Digital technologies now represent 4% of the world’s total carbon emissions and their energy consumption are increasing by 9% every year. Clearly, the notion that online activities are ‘greener alternatives’ is far from the truth. With the accelerated pace of going digital, organizations need to use technologies in a way that advances their business objectives without hurting the environment.
Here are five ways enterprises can attain both business and sustainability goals:
1. Know the facts
Measuring your company’s carbon footprint, understanding your company’s contribution to the present situation and then looking for opportunities to reduce your contribution are three important steps . Organizations can begin by measuring their website’s carbon footprint using tools such as the website carbon calculator.
2. Rethink data storage
With the rapidly rising global demand for storing, managing, and extracting insights from data, it is no secret that organizations are struggling with data overload. Organizations need to eliminate redundant, obsolete, and trivial (ROT) data. They must also create new data policies, which would define the nature and quantity of data to be collected, and its retention period. Such actions can be a. triple win, enabling the company to cut costs, reduce storage requirements, and scale back energy consumption.

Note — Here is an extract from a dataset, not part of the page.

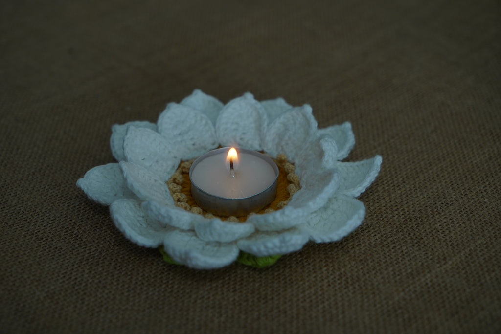 Handmade Crochet Lotus tea light holder and Rangoli – Multi-Purpose Festive Décor

3. Incorporate digital sustainability
We are currently in the ‘big pledge era’: a time when world governments and big corporations are boldly committing to radical reductions in their carbon footprint and overall environmental impact.
4. Adopt green software
Software engineers and developers must adopt more environmentally conscious approaches to design. The focus should be on partnerships and investments that promote software that aim at sustainable development. One such example is Microsoft’s Green Software Foundation, which supports sustainable app development.
5. Conduct regular energy audits
The infusion of AI in traditional,time-consuming audits, combined with publicly available data and proprietary information, can help companies better monitor their energy use. This in turn can enable leaders to identify real-time opportunities for improvement.